Lactation Service

Our Lactation Service is committed to supporting families who choose to breastfeed. We combine the unique skills of physicians, nurse practitioners, certified lactation consultants and lactation educators, interested in only the best for you and your baby.

Services include:

  • Prenatal consultations
  • Postpartum personal instruction (available seven days a week for hospital inpatients)
  • Assistance with special-needs babies
  • Assistance with multiple births
  • Assistance with premature babies: Supporting Premature Infant Nutrition (SPIN) Program
  • Drugs and breastfeeding information
  • Outpatient appointments

We encourage every mother to breastfeed her baby. Breastmilk provides excellent nutrition for your child, has many health benefits, and is good for the mother too. You may want to spend the time to read or learn about the basics of breastfeeding before you have your baby. Consider taking a class, do some research on the Internet, read books and talk to friends who have enjoyed breastfeeding their children.

Breastfeeding Guide and Log Book (view or print)

Our Breastfeeding Guide and Log Book provides you with pictures and explanations on how to breastfeed your baby, guidelines on infant nutrition including the latest recommendations on Vitamin D and a log book to track your feedings. This book was written by our doctors and nurses, based on their daily practice and research.

Baby-Friendly Hospital

UC San Diego Medical Center, where our patients deliver their babies, has repeatedly earned prestigious recognition as a "Baby-Friendly" birth facility. The distinction, awarded by the Baby-Friendly Hospital Initiative and the United Nations Children's Fund, recognizes birth facilities that actively encourage breastfeeding as the primary source of newborn nutrition. Read more about what being baby-friendly means.

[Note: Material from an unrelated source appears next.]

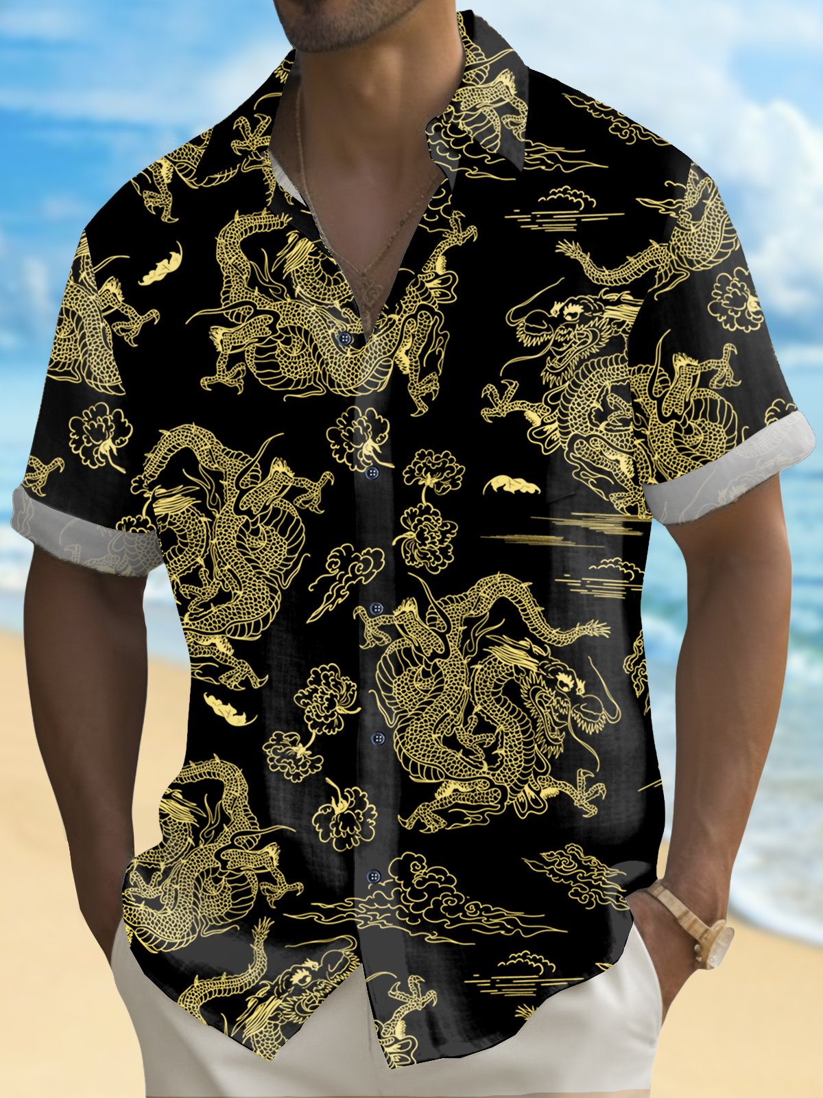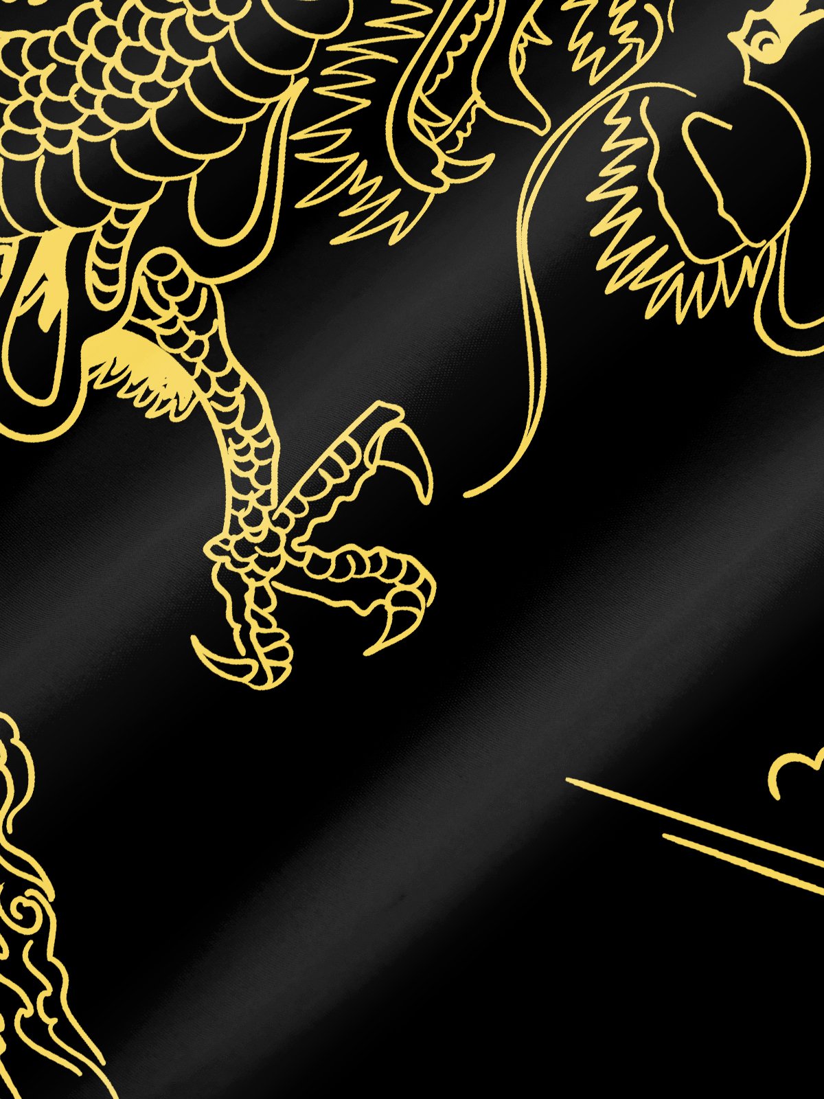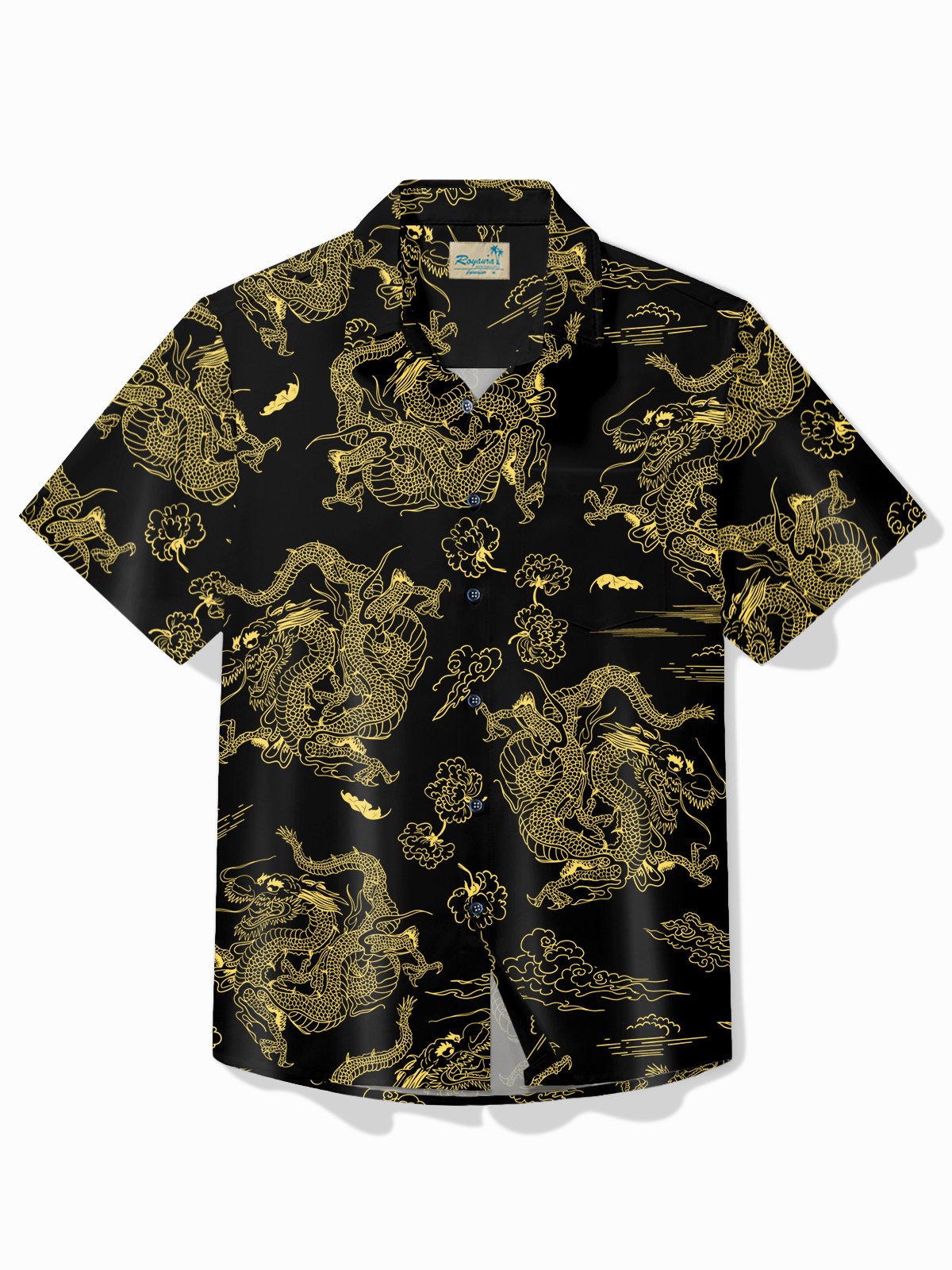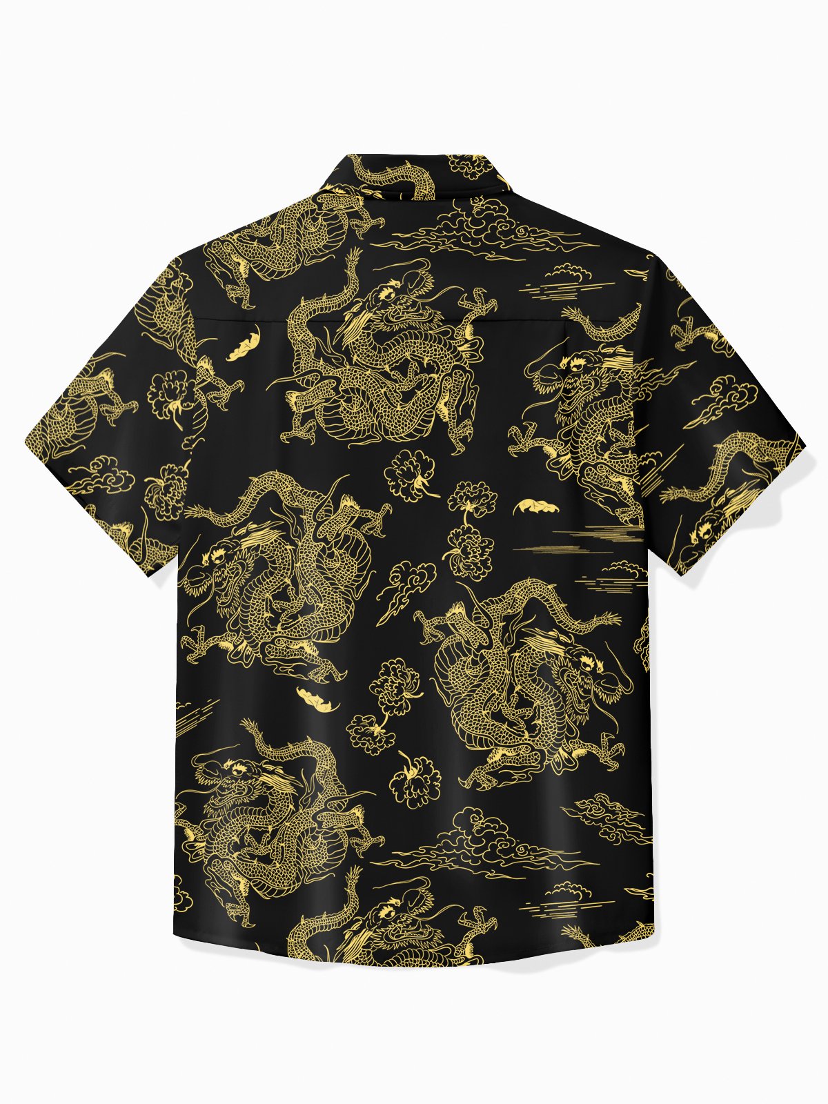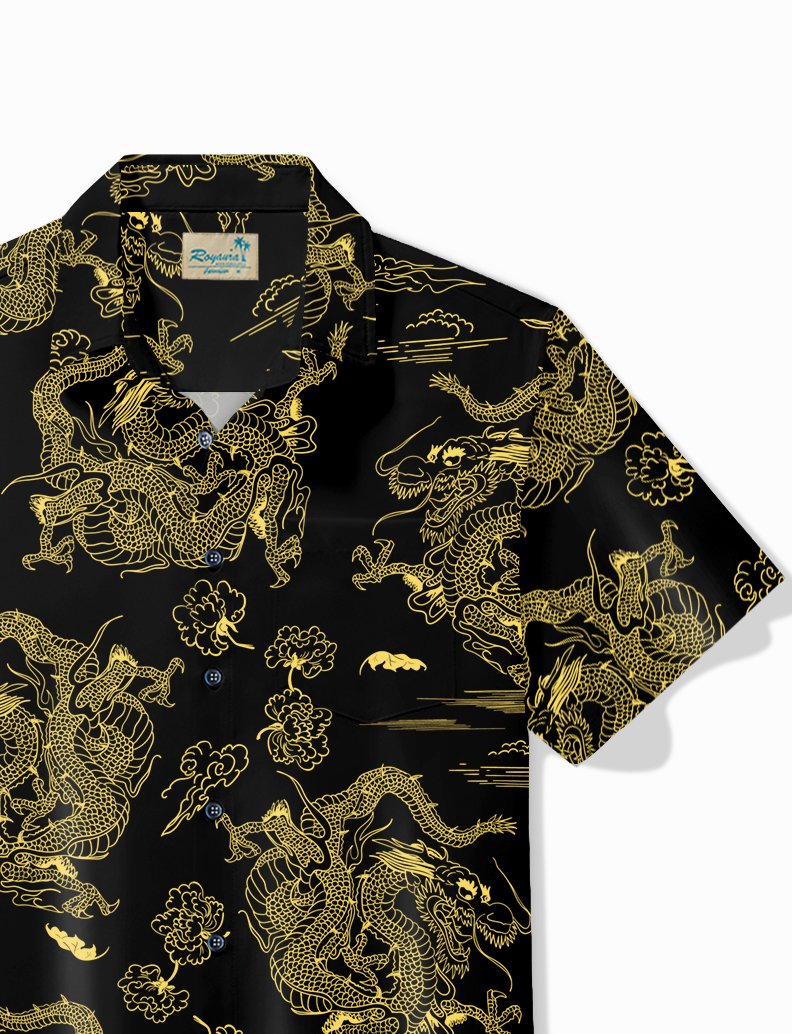 Alohadaddy Vintage Year of the Dragon Black Gold Dragon Print Men's Shirt Stretch Pocket Camping Shirt Big Tall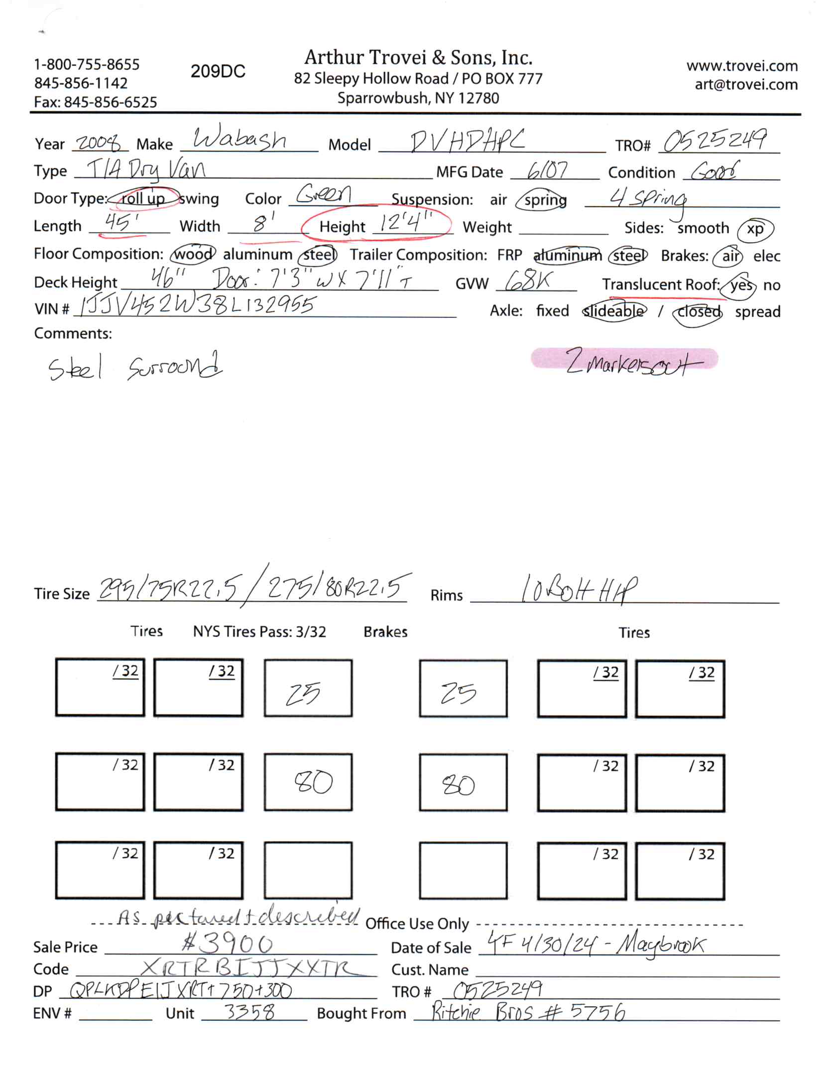 Inventory # 0525249Year: 2008 Make: Wabash Model: DVHDHPC Axles: Slideable Closed Tandem Type: Dry Box Trailer VIN: 1JJV452W38L132955 Suspension: 4 Spring Tires: 275/80R22.5 / 295/75R22.5 Rims: 10 Bolt Hub Pilot - All Steel Length: 45' Width: 8' Height: 12'4" Weight (Estimated): 13,260 lb Load Width: 7'3" Load Height: 7'11" GVWR: 68,000 lb Trailer Composition: Steel Floor Composition: Wood / Steel Door Type: Roll Up Door - Steel Surround Added Details: Air Brakes, Translucent Roof Price: $3,900 as described 209DCXXTBIJJXXTRQPLKDPEIJXRT+750+300 Terms of Sale

Our staff is trained about breastfeeding, and helps all mothers who want to breastfeed to be successful. We encourage all mothers to hold their babies skin-to-skin right after delivery if they are stable, and allow them to nurse in that first hour when they are very alert.

It is also important that healthy babies not receive bottles, formula, or pacifiers in the beginning, so they learn how to breastfeed and help the mother to have a good milk supply. The Medical Center does not accept free formula from baby formula companies, but rather purchases it for infants who are not breastfed, have special medical conditions or need additional supplementation.